## [Exercise brief]
Please write out exactly the lines of the data below from the line holding "The app uses" through the line holding "Beżowa torebka damska", and leave out the rest.

Provided data section start

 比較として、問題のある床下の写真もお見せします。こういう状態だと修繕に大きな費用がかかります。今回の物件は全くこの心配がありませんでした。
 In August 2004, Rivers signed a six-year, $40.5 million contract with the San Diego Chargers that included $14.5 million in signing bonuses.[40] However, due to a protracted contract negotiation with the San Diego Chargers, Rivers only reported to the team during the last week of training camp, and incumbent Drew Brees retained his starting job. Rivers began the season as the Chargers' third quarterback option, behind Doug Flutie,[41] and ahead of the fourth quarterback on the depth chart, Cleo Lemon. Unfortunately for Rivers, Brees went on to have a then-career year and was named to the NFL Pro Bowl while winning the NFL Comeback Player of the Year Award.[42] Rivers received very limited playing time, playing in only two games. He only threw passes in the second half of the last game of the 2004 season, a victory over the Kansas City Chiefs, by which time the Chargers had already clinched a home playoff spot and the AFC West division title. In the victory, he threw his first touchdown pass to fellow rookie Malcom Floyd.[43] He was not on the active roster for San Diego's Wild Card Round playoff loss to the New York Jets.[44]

Provided data section end
Provided data section start

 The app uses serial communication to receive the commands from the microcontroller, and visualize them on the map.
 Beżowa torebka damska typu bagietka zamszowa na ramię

Provided data section end

## [Result for this task]
 The app uses serial communication to receive the commands from the microcontroller, and visualize them on the map.
 Beżowa torebka damska typu bagietka zamszowa na ramię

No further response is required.